Task objective
For this exercise, output exactly the lines from the opening line of the listing through the line with "Lampu Sepeda Lampu", skipping pictures.

Stored data
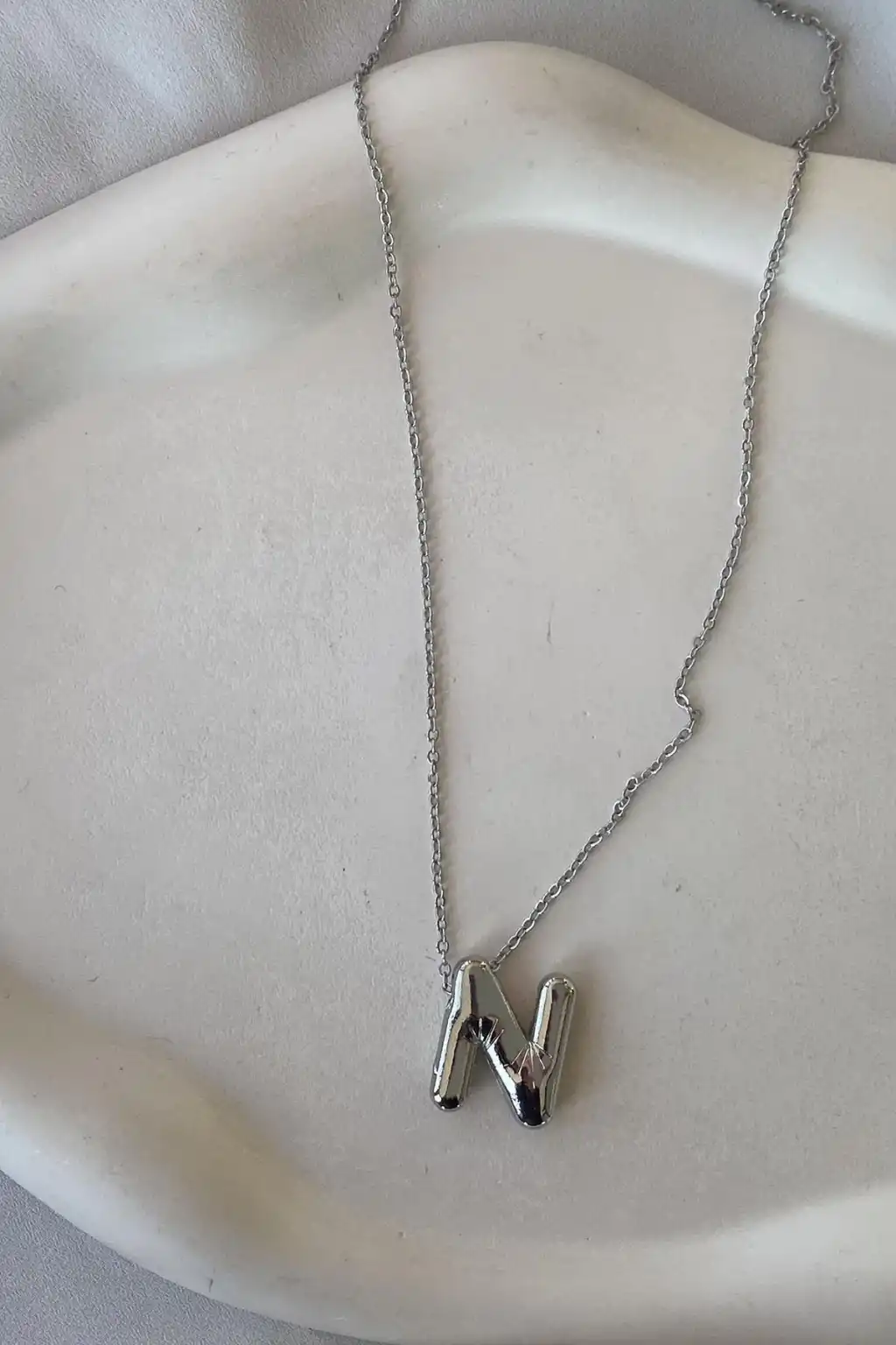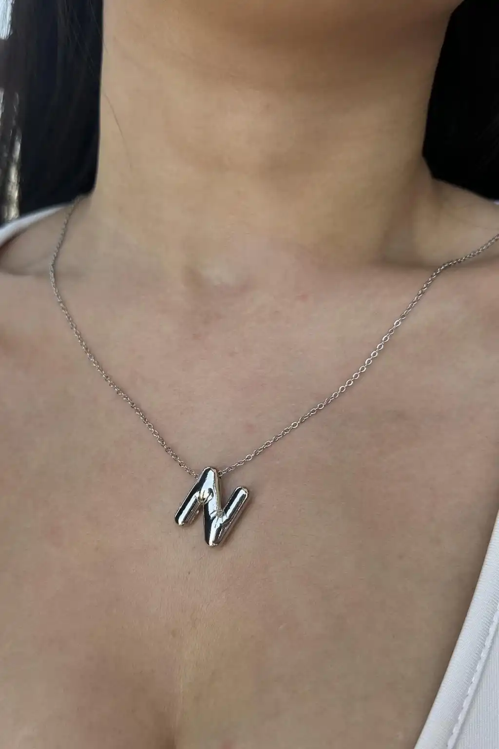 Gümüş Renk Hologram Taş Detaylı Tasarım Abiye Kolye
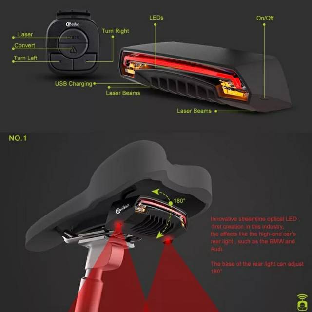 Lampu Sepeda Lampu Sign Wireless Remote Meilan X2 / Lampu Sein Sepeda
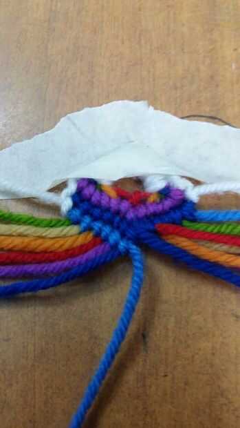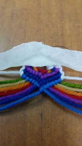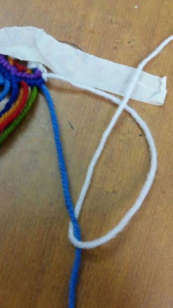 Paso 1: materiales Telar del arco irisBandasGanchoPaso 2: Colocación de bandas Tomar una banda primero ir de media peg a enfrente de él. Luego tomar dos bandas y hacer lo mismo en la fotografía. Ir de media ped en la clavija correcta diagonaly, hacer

Task solution
 Gümüş Renk Hologram Taş Detaylı Tasarım Abiye Kolye
 Lampu Sepeda Lampu Sign Wireless Remote Meilan X2 / Lampu Sein Sepeda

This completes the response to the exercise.